Ministers have been quite open in explaining why the government has changed its position. After the parliamentary vote, Prime Minister Andranik Margarian told the newspaper Haiastani Hanrapetutiun that "Armenia's presence is primarily symbolic and for political purposes." The major supporter of the move, Defense Minister Serzh Sargssian, has argued that the deployment is needed if Armenia is to develop its military cooperation with the United States.

It is also a preventative measure designed to avoid isolation, as Azerbaijan and Georgia already have troops in Iraq.

While seeking to maximize the geopolitical benefits, the government has sought to reassure the Armenian public, stressing repeatedly that the deployment is "humanitarian" in character.

Washington-based security analyst Richard Giragosian believes the government's calculations are accurate and that the deployment "offers significant geopolitical gains for Armenia."

"One lesson for tiny Armenia from [11 September 2001] was the need to seize the new opportunities while minimizing the risks from such a dynamic shift in international security. In the wake of 9/11, for example, Azerbaijan was able to exploit and exaggerate its role or entry in the war on terrorism to a much greater and more effective degree than Armenia."

The situation was the same prior to the U.S. invasion of Iraq. "Armenia was portrayed as a reluctant or even resistant nation," Giragosian says. "In U.S. eyes at that time, the misperceptions of Armenian policy and the rather inaccurate image of Azerbaijan as the new loyal ally were only strengthened by the twin perceptions of Armenia as little more than a Russian vassal or garrison state, or as a weak, isolated state thoroughly controlled by its Russian 'ally.'"

"Given the participation of its neighbors, Armenia cannot afford to abstain from strategic engagement" such as involvement in Iraq, Giragosian believes.

However, Armenia's contingent will remain the smallest from the Caucasus. Azerbaijan has 150 troops in Iraq, and Georgia plans to increase its force to 850. The Armenian contingent's tour of service is six months.
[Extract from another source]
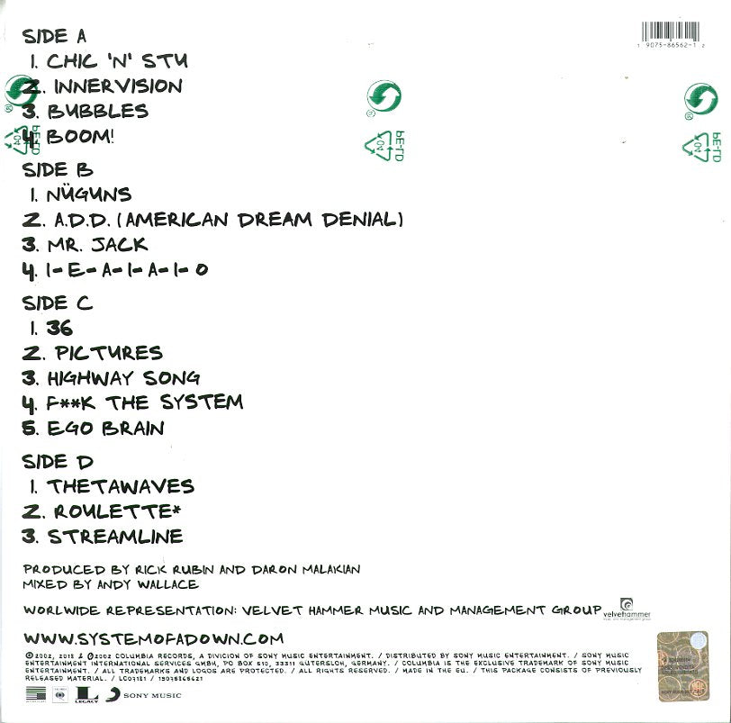 Il tuo Vinile LP di / Your Vinyl LP's :System Of A Down - Steal This Album! Lp 0190758656212 sarà spedito e consegnato in 24/48h in Italia 48/72 in Europa / will be shipped and delivered in 24 / 48h in Italy 48/72 in Europe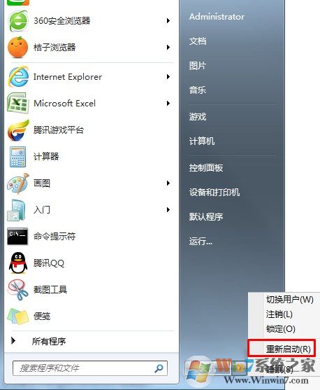 8、點擊開始——重新啟動,我們的設置就完成了。

It is unclear whether the mission would continue after that.

Though primarily a gesture in relations with the United States, the deployment "conforms to the overall trajectory of Armenian military strategy" and to Armenia's broader balancing act, Giragosian argues. "Armenia has both participated in Russian-led war games and training simulations within the Collective Security Treaty Organization as well as with the U.S. and other Western states within the NATO Partnership for Peace program," says Giragosian.

Armenia's borders continue to be patrolled by Russian troops, and it retains very close political, economic, and military ties with Moscow.

More generally, Giragosian argues that Armenia's engagement with both Russia and NATO and its deployment of troops to Kosovo, for example, fits within a concerted drive to professionalize its army.

WHAT NOW FOR THE ARMENIAN COMMUNITY?

But are the Armenian Iraqis being made sacrificial lambs in Armenia's broader geopolitical interests? Giragosian believes that the deployment "poses no real or new risk to the Armenians in Iraq."

He contends that the Armenian community "has already been living in a state of insecurity and vulnerability, which will be neither exacerbated nor extinguished by this deployment." He sees "the record of attacks, violence and intimidation [as] all part of a broader campaign by insurgents against the ethnic Christian minorities of Iraq" and that "the deployment is both far too small and much too marginal to result in any serious or specific anti-Armenian strategy by the insurgents."

In recent decades, Armenians have found themselves in the crossfire of another civil war in a heavily Muslim country, Lebanon. There, the Armenian minority's pursuit and policy of neutrality generally protected it, Giragosian says. But the situation in Iraq is nothing like the civil war in Lebanon, he believes.

"The Armenians of Iraq, like much of the ordinary Iraqi population, face a reality marked by a faceless insurgency, with no choice or option of abstaining from the conflict," Giragosian says.

Nor is the longer-term outlook good for the Armenian community. "The future of Iraq stands between becoming a state under siege or a failed state, neither of which offers much hope for a non-Arab, non-Muslim minority," Giragosian says.